ダールが「ヘンリー・シュガー」の物語を語りはじめたら、今度はベネディクト・カンバーバッチ扮するヘンリー・シュガー自身が語り手となりつつ、同時に主人公として物語が進行する。というかんじで進んでいきます。

 

四作のメインキャラクターはこの二人の他にルパート・フレンド、デヴ・パテル、ベン・キングズレー.など。

 

四作の中で入れ替わり立ち替わり別人を演じていくのですが、見た目はいつものまるでとびだす絵本のような左右対称で美しい色彩とセットデザイン、登場人物は前をむいて棒読みでしゃべるスタイル。

物語を聞いているような演出です。

それぞれ短い作品だけど、やはり睡魔が襲う(汗)

 

一作目、面白いストーリー。デヴ・パテルやベン・キングズレー.はとてもいい。でも眠くなる。

 

二作目。
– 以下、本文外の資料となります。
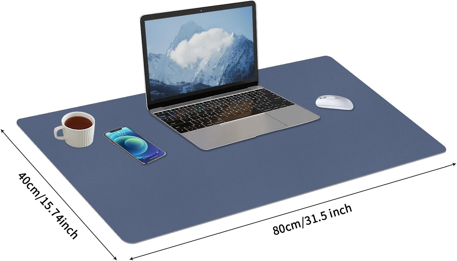 Bloss Grey Blue Desk Mat, Leather Desk Matt for Desktop, Waterproof Large Keyboard Mat, Computer Mat for Office/Home/Decor(31.5 x 15.7 Inches)
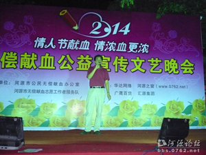 2月14日晚,河源市獻(xiàn)血辦、河源市中心血站、河源市無償獻(xiàn)血志愿工作者服務(wù)隊(duì)在廣晟廣場(chǎng)舉行“情人節(jié)獻(xiàn)血、情濃血更濃”無償獻(xiàn)血公益宣傳文藝晚會(huì)。匯源集團(tuán)給予了協(xié)助,提供了150份禮品。

いじめっ子っていったって、線路に体を縛り付けられたりしてスケールが違う。なんという残酷なお話!

 

三作目。ストップモーションアニメのねずみはよくできてる。でもねずみ捕りのレイフ・ファインズがとても気持ち悪い。

 

四作目。寝てたらお腹に毒蛇がのっていて、身動きできなくなったカンバーバッチさんとそれを救おうとするデヴ・パテルとベン・キングズレー。

カンバーバッチさんの顔芸!ヘビ

緊張感があって面白かったけど、四作すべて見終わった時、あまり満足感が残らないのは何故??

 

というわけで、原作あり、それもウェスさんと相性のいい、ダークファンタジー(ブラックユーモア?)のロアルド・ダールのお話だったけど、やっぱり私には「だから何?」感が残りました。

 

美術面では最高なんですけどね。

 

ウェスさん、いつまでこの調子でやっていくのでしょう。

これも全部ストップモーションアニメにしたらよかったのでは?笑い泣き

 

やっぱりウェス作品には要注意。

星みっつ。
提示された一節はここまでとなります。